And that stupid, fucking Hyde.
Wednesday still hadn't fully pinned down the logic of why she had let him live, but it certainly wasn't so he could be mastered by some suspicious old woman again. He should be on his own, finding his own answers, or at least finding a way to break the curse of the Master dynamic. She had even been prepared to use her family’s connections to help him—new identity, a fresh start, anything to get him out from under someone else’s thumb. Her grip tightened on the edge of the desk until her knuckles turned a ghostly white, her breath hitching with a sudden, sharp irritation she couldn't categorize.
Then her train of thought came to a sudden, jarring halt.
She realized that Enid and Tyler were exactly the same. They were both drifting, alone in their own distinct ways.
But Enid had a pack.
She had a family and friends who were currently tearing the world apart to find her. Enid has her.
Tyler had no one.
He had absolutely nothing.
He was a boy built on lies upon lies; a creature she may have spared, but ultimately left to his own ruins.
“Wednesday?” Agnes’s voice broke through the silence, sharp with concern. “Don’t worry, I’m finding out why she took Tyler with her. Hopefully, they won't interfere with the situation with Enid,” Agnes added, her tone turning decisive.
Wednesday finally drew a breath, the air hitting her lungs like a cold weight. She closed her eyes for a heartbeat, and when she opened them, the conflict had been replaced by a singular, sharp resolve.
“I will deal with them myself,” Wednesday said. “The Sinclair family can handle the manual labor of the search. If Isadora has the answers to Enid’s case, I will extract them from her myself.”
She paused, her gaze fixing on the dark, jagged lines of the maps spread before her.
“And if Tyler becomes a threat again, I will not make the same mistake of letting him live.”
Wednesday did not expect the sight that greeted her when she finally tracked Capri’s coordinates. It wasn't a hideout; it was a refuge—a sprawling, hidden camp populated entirely by Hydes.
The observation didn't last long. She was intercepted by a guard, blindsided by a blow that sent her spiraling back into consciousness only when she felt the rough bite of rope against her wrists. They had dragged her into a central hall, bound and masked by a fabric blindfold, though she noted with a mental sneer that the knots were amateur—the work of someone who understood brute strength but lacked the discipline of a true executioner.
The sharp, rhythmic click of heels echoed against the stone floor.

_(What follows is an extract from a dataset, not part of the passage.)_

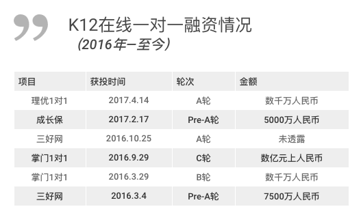 根据公开资料,外教在线一对一在2016年有7起大额融资,K12在线一对一从去年截止到目前也有6起大额融资。

It was a familiar cadence, one she had memorized in the music room of Nevermore.
“It’s okay. Leave her to me,” Isadora commanded the two hulking adults whom she assumed were Hydes who stood guard.
“Wednesday? What the hell are you doing here?” Isadora’s voice was breathless as she rushed toward the center of the room where Wednesday sat.
“What. Are you doing here?” Wednesday’s voice was a low, dangerous vibration. “I believe the burden of explanation lies entirely with you.”
With a sharp, practiced flick of her wrists, Wednesday slipped the amateur knots. She didn't rush. She moved with the cold grace of a spider, reaching up to slowly peel the blindfold from her eyes. Capri stood frozen, watching the transformation from captive to judge.
“Why is a lone werewolf presiding over a den of Hydes?” Wednesday’s eyes were obsidian needles, pinning Isadora to the spot. Her bitterness was palpable, a cold frost creeping into her tone. “What is this? Are you playing at being a warlord? Building an army of monsters to compensate for your own inadequacies?”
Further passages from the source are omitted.